Problem statement: Word for word, write out all the entries below, omitting every picture.

Input:

╔══

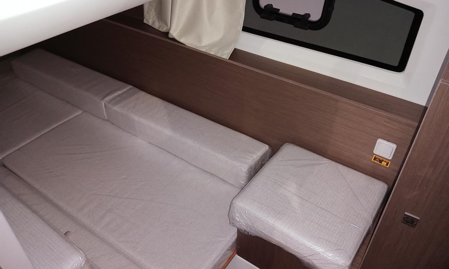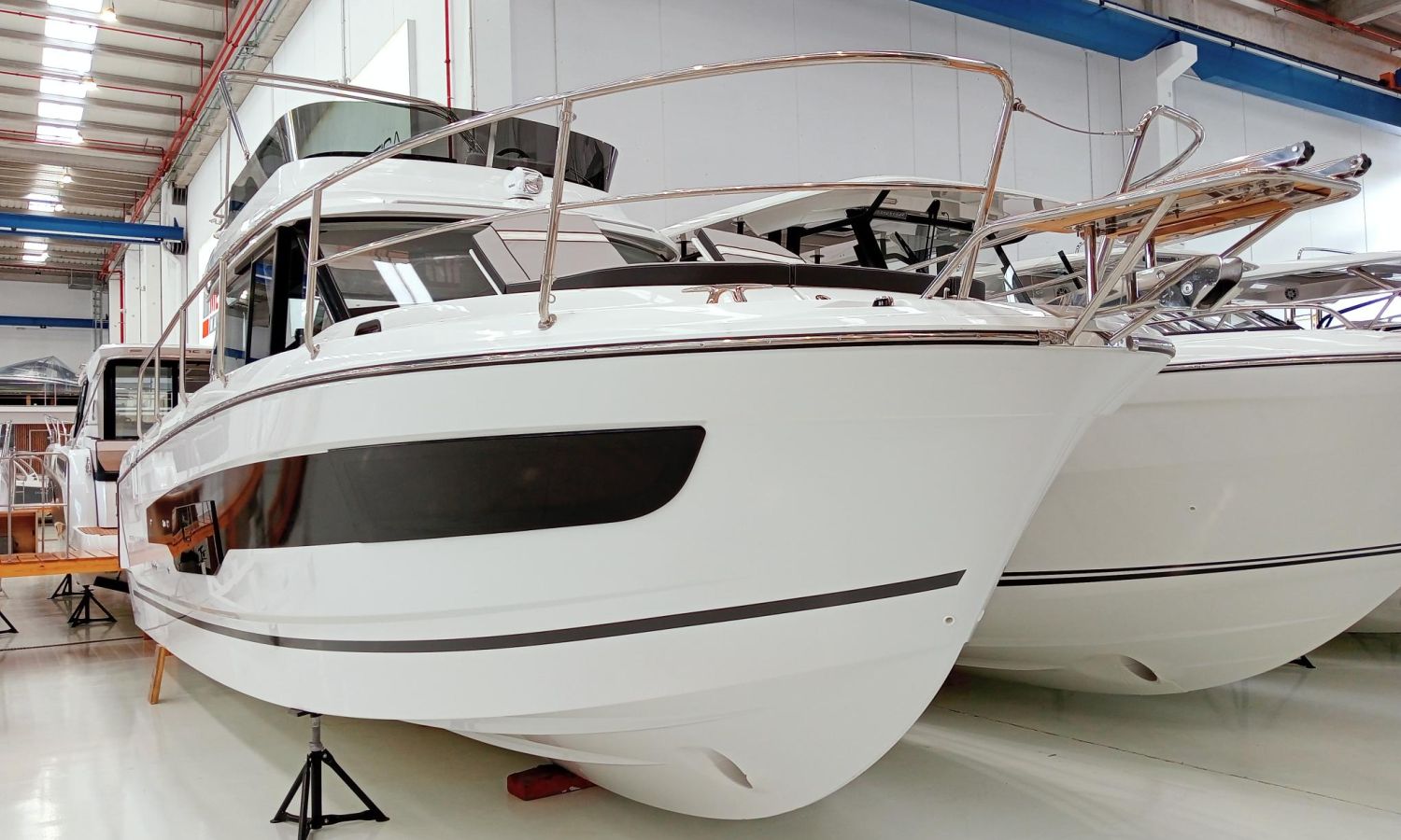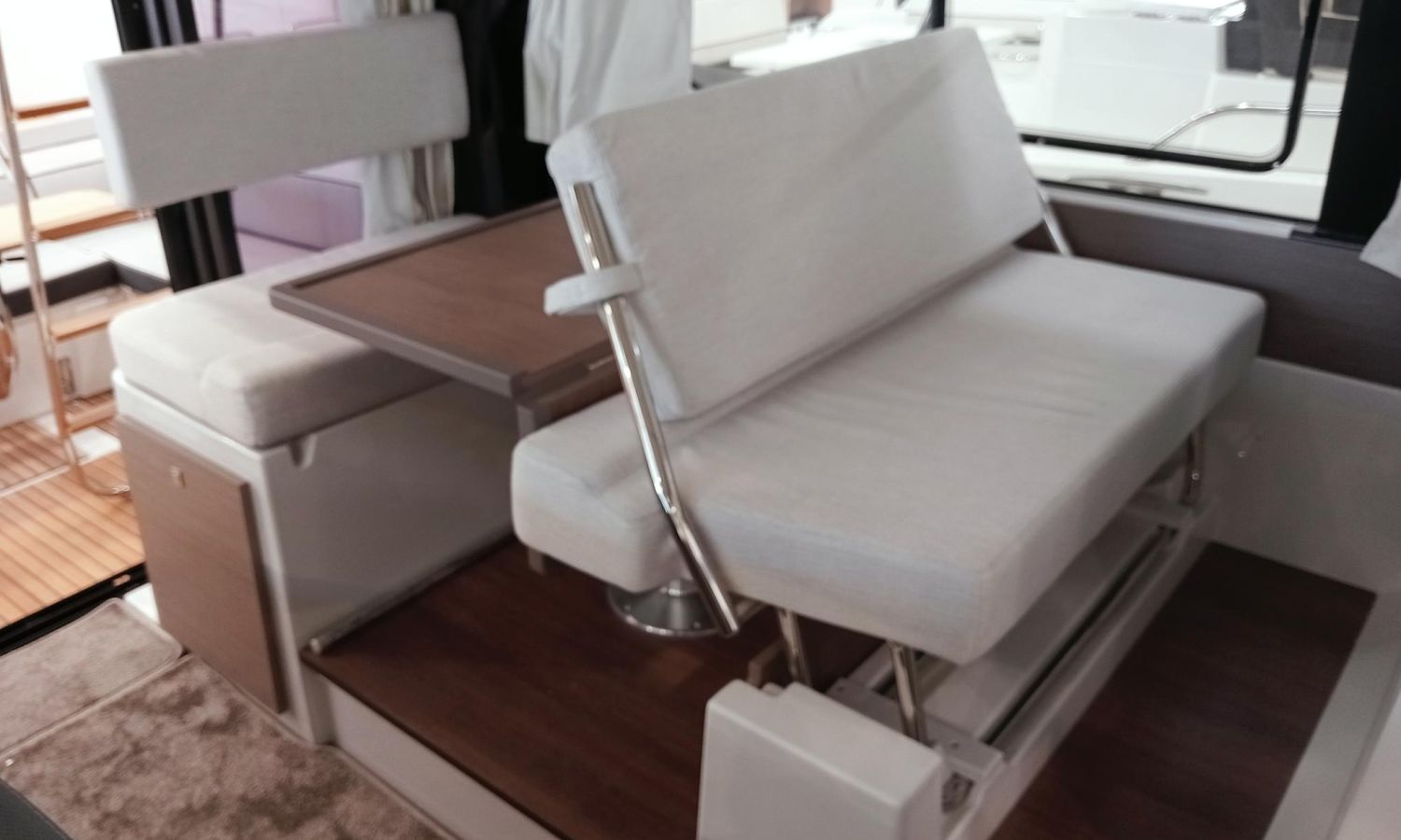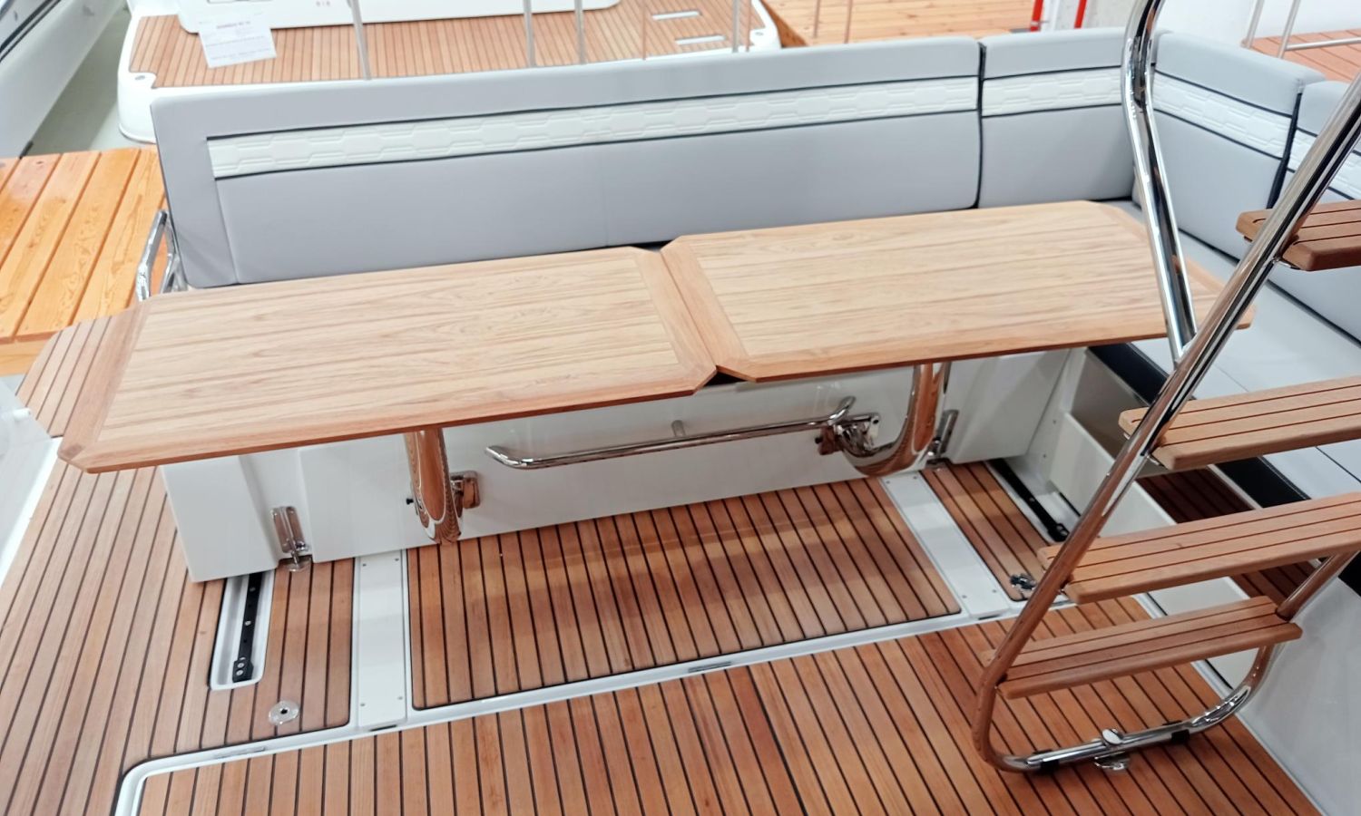 PREMIERE EQUIPMENT LEVEL - PACKAGE AUDIO FUSION RA70N - JUMBO PURE SALON ROOM COVER - BATHROOM SUN CANOPY - BOW SUNBATH COVER - FLYING BRIDGE BIMINI - IMPROVEDED GARMIN ELECTRONICS PACK Map 1223 FLY VERSION - GARMIN VHF RADIO - COMFORT PACK FLY VERSION - KIT D'AMARRAGE - KIT D'ANCRE - PROJECTEUR DE PONT - PROPULSEUR D'ÉTRAVE AVEC DOUBLE COMMANDE (FLY ET GOUVERNAIL) - ÉCHELLE DE COUPÉE AVEC PLATEFORME EN BOIS - TABLE DE FLYBRIDGE + COUSSIN CHAISE LONGUE - BAIN DE SOLEIL DE PROUE SUR LE FLYBRIDGE - BAIN DE SOLEIL DE PROUE AVEC DOSSERETS RÉGLABLES, - 2 TABLES DE COCKPIT EN BOIS POUR LA VERSION FLYBRIDGE - MATELAS POUR TROISIÈME CABINE - LIT DOUBLE SUPPLÉMENTAIRE DANS LE SALON - COFFRE DE RANGEMENT HAUT DANS LA CUISINE - COFFRE DE RANGEMENT HAUT À BÂBORD DANS LE SALON - COFFRE DE RANGEMENT HAUT DANS LA CABINE AVANT - FOUR À MICRO-ONDES PRÉMONTÉ - PLAQUE VITROCÉRAMIQUE 230V - ENSEMBLE DE TAPIS AMOVIBLES DANS LE POSTE DE PILOTAGE ET LES CABINES - COURSIVE, pont avant dans le cockpit - taud d'étrave dans le cockpit - YAMAHA HMEX 2x 250-300 SBW FLY ELECT. - UPGRADE YAMAHA JOYSTICK FOR 2 300 SBW GREY - TRANSPORT DEPUIS LE CHANTIER NAVAL-COSTABRAVA - INSTALLATION DES MOTEURS - PEINTURE ANTIFOULING.Description du bateau
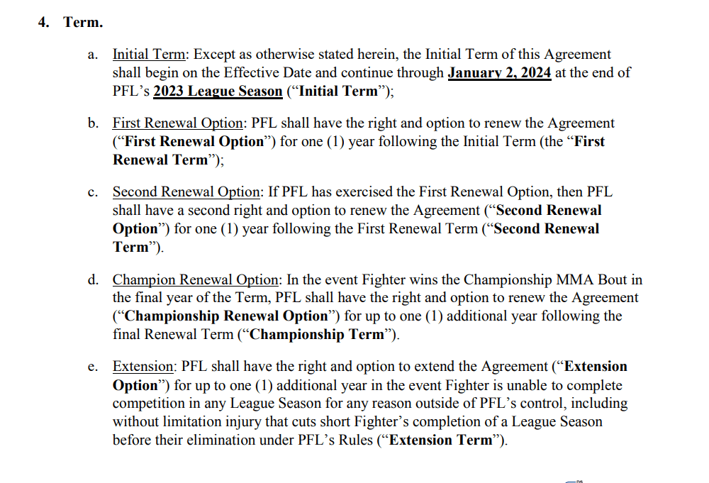 While the initial term is for a single season the PFL can extend it. Then again. Then again if the fighter is the champion.
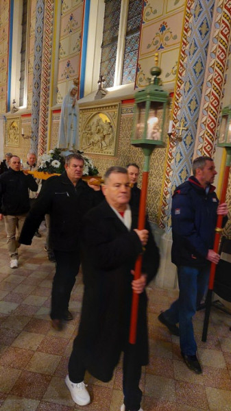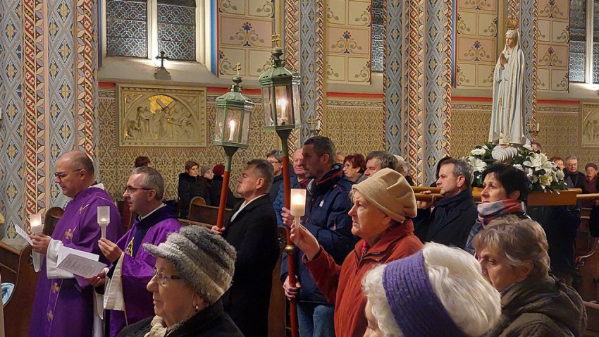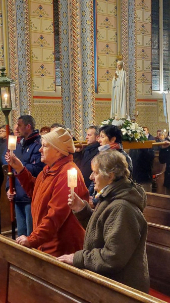 A szentmise végén, a szentségi áldás előtt gyertyás körmenetet tartottak a Fatimai Szűzanya szobrával. A hagyományoknak megfelelően a hívek a körmeneti ének versszakait felváltva magyarul, németül és horvátul énekelték.
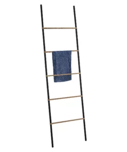 Toallero y Columna de Pie Negro mate-Natural de la colección KENTA de Gedy.
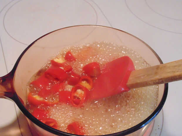 Hervir la mezcla durante 10 minutos, revolviendo suavemente para asegurar el azúcar no se quema en.

╚══

Answer below:
 PREMIERE EQUIPMENT LEVEL - PACKAGE AUDIO FUSION RA70N - JUMBO PURE SALON ROOM COVER - BATHROOM SUN CANOPY - BOW SUNBATH COVER - FLYING BRIDGE BIMINI - IMPROVEDED GARMIN ELECTRONICS PACK Map 1223 FLY VERSION - GARMIN VHF RADIO - COMFORT PACK FLY VERSION - KIT D'AMARRAGE - KIT D'ANCRE - PROJECTEUR DE PONT - PROPULSEUR D'ÉTRAVE AVEC DOUBLE COMMANDE (FLY ET GOUVERNAIL) - ÉCHELLE DE COUPÉE AVEC PLATEFORME EN BOIS - TABLE DE FLYBRIDGE + COUSSIN CHAISE LONGUE - BAIN DE SOLEIL DE PROUE SUR LE FLYBRIDGE - BAIN DE SOLEIL DE PROUE AVEC DOSSERETS RÉGLABLES, - 2 TABLES DE COCKPIT EN BOIS POUR LA VERSION FLYBRIDGE - MATELAS POUR TROISIÈME CABINE - LIT DOUBLE SUPPLÉMENTAIRE DANS LE SALON - COFFRE DE RANGEMENT HAUT DANS LA CUISINE - COFFRE DE RANGEMENT HAUT À BÂBORD DANS LE SALON - COFFRE DE RANGEMENT HAUT DANS LA CABINE AVANT - FOUR À MICRO-ONDES PRÉMONTÉ - PLAQUE VITROCÉRAMIQUE 230V - ENSEMBLE DE TAPIS AMOVIBLES DANS LE POSTE DE PILOTAGE ET LES CABINES - COURSIVE, pont avant dans le cockpit - taud d'étrave dans le cockpit - YAMAHA HMEX 2x 250-300 SBW FLY ELECT. - UPGRADE YAMAHA JOYSTICK FOR 2 300 SBW GREY - TRANSPORT DEPUIS LE CHANTIER NAVAL-COSTABRAVA - INSTALLATION DES MOTEURS - PEINTURE ANTIFOULING.Description du bateau
 While the initial term is for a single season the PFL can extend it. Then again. Then again if the fighter is the champion.
 A szentmise végén, a szentségi áldás előtt gyertyás körmenetet tartottak a Fatimai Szűzanya szobrával. A hagyományoknak megfelelően a hívek a körmeneti ének versszakait felváltva magyarul, németül és horvátul énekelték.
 Toallero y Columna de Pie Negro mate-Natural de la colección KENTA de Gedy.
 Hervir la mezcla durante 10 minutos, revolviendo suavemente para asegurar el azúcar no se quema en.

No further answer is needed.